◆ Work to be completed: Exactly the lines from the line that has "electric vehicle logo" through the final line below are to be retyped, and the pictures are not.

◆ Records provided:
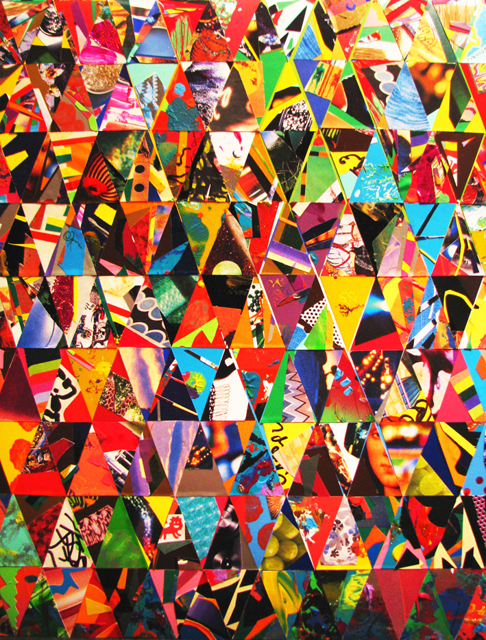mixed media: acrylic, oracal, markers, shiny gel, fluor spray, paper collage, etc
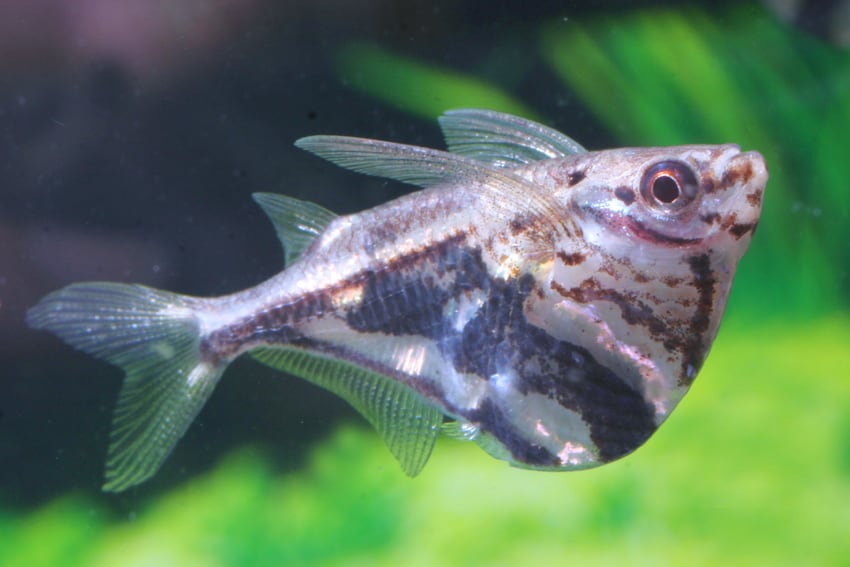 Carnegiella strigata gehört zur Ordnung der Knorpelfische und ist ein kleiner Süßwasserfisch. Der marmorierte Beilbauchfisch zeigt einen silbernen Körper mit dunklen, marmorierten Flecken. Er erreicht im Schnitt etwa 5 cm Länge. Seine Flossen wirken schmal und klar abgegrenzt und sind meist transparent. Er lebt in tropischen Regenwäldern, flachen Bächen und kleinen Flüssen, wo das Wasser warm ist und meist zwischen 24 und 28 Grad liegt. Der Fisch sucht in der Natur schattige Plätze und dichte Vegetation, die ihm Schutz und Nahrungsquellen bietet. Häufig zieht er in lockeren Schwärmen umher, was seine Überlebensfähigkeit in der Gruppe stärkt. Er reagiert schnell auf Licht- und Wasserdruckwechsel und nutzt sein auffallendes Muster zur Tarnung. Im Aquarium braucht er ähnliche Bedingungen, wie lauwarmes, weiches Wasser, ausreichende Verstecke und eine dichte Bepflanzung. Einige Quellen weisen auf regionale Unterschiede in seinem Verhalten hin, was auf eine gewisse Variabilität bei Anpassungen und Vorlieben hindeutet.
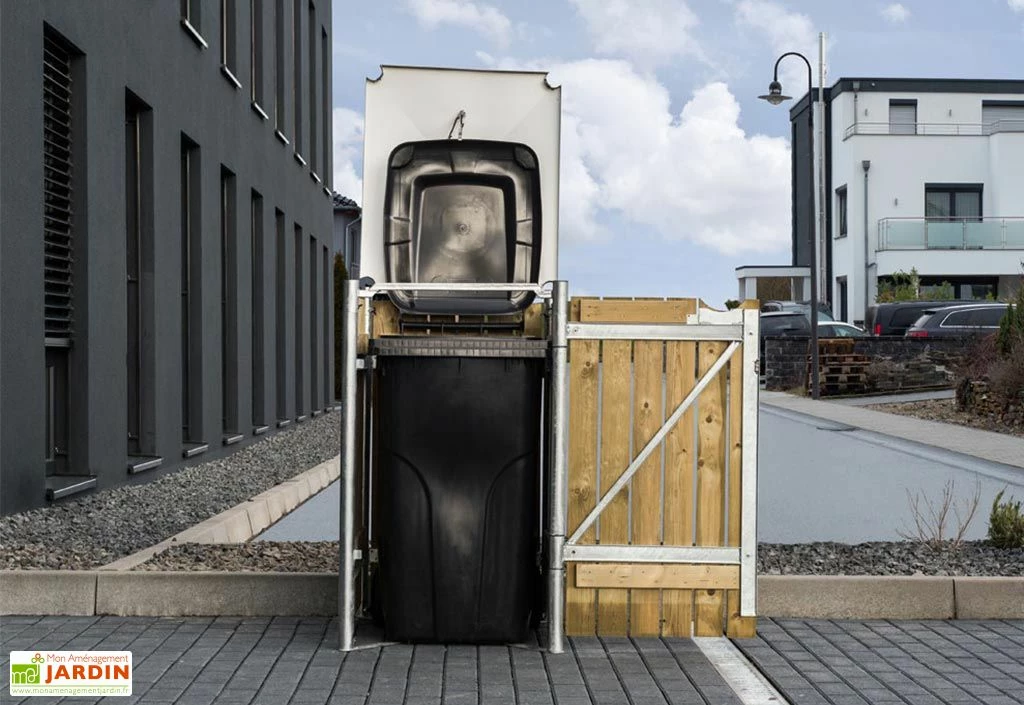 Ce cache-poubelle simple de la marque Hide mesure 69,7 x 80,7 cm pour 115,2 cm de haut, ce qui lui permet d’accueillir un conteneur de 240 L. Il dispose de parois en bois disponibles dans une finition naturelle ou de couleur grise, au choix. Idéal pour protéger votre benne des intempéries tout en la plaçant hors de vue, ce cache-poubelle en bois est équipé d’un couvercle et d’une porte frontale permettant de remplir et de sortir facilement votre poubelle.
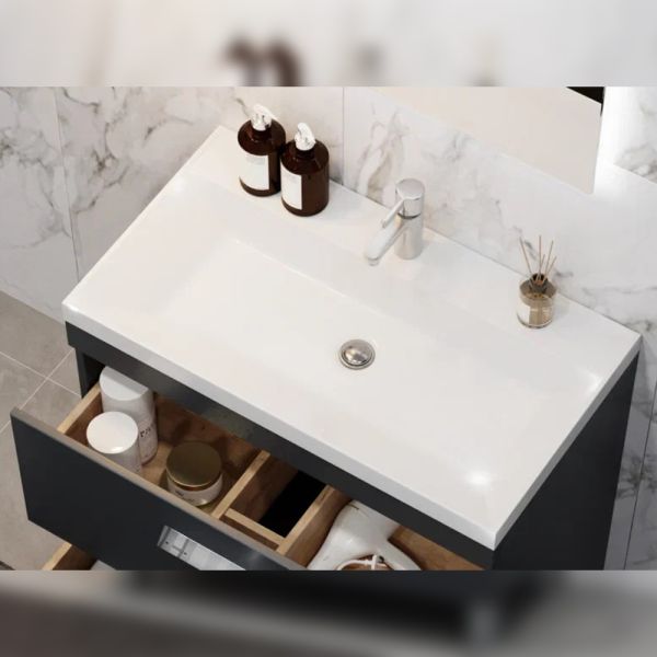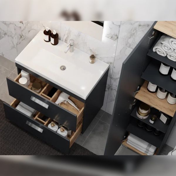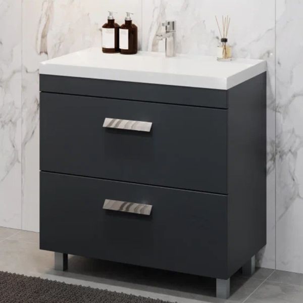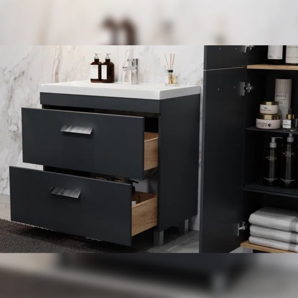 Тумба под раковину напольная Velvex Orlando tn.ORL.CLA.80.2Y графит, 80 см: 2 выдвижных ящика с механизмом плавного закрывания.
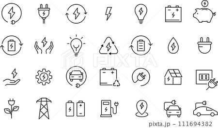 electric vehicle logo isometric flat line icons set. EV ECO clean energy technology icon. simple design vector
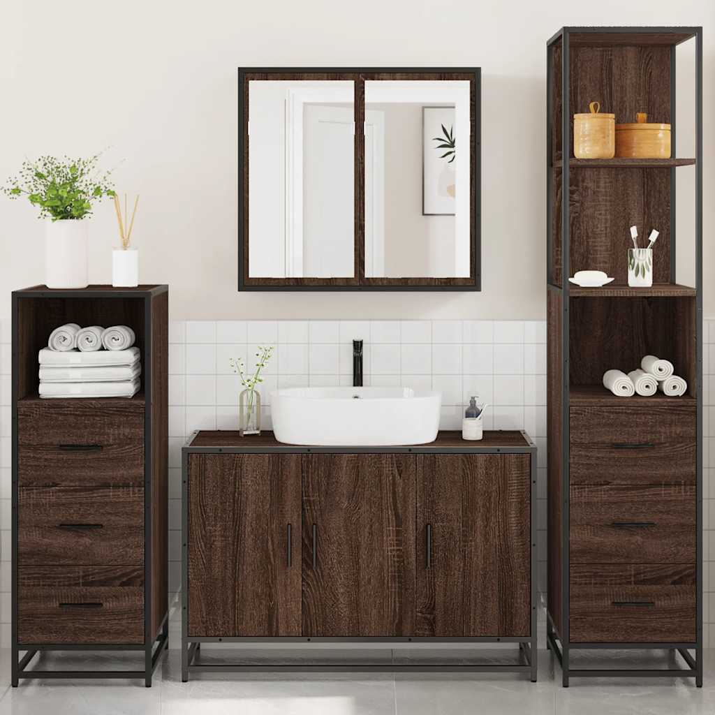 møbelsæt til badeværelse 4 dele konstrueret træ brunt egetræ

◆ Response to the exercise:
 electric vehicle logo isometric flat line icons set. EV ECO clean energy technology icon. simple design vector
 møbelsæt til badeværelse 4 dele konstrueret træ brunt egetræ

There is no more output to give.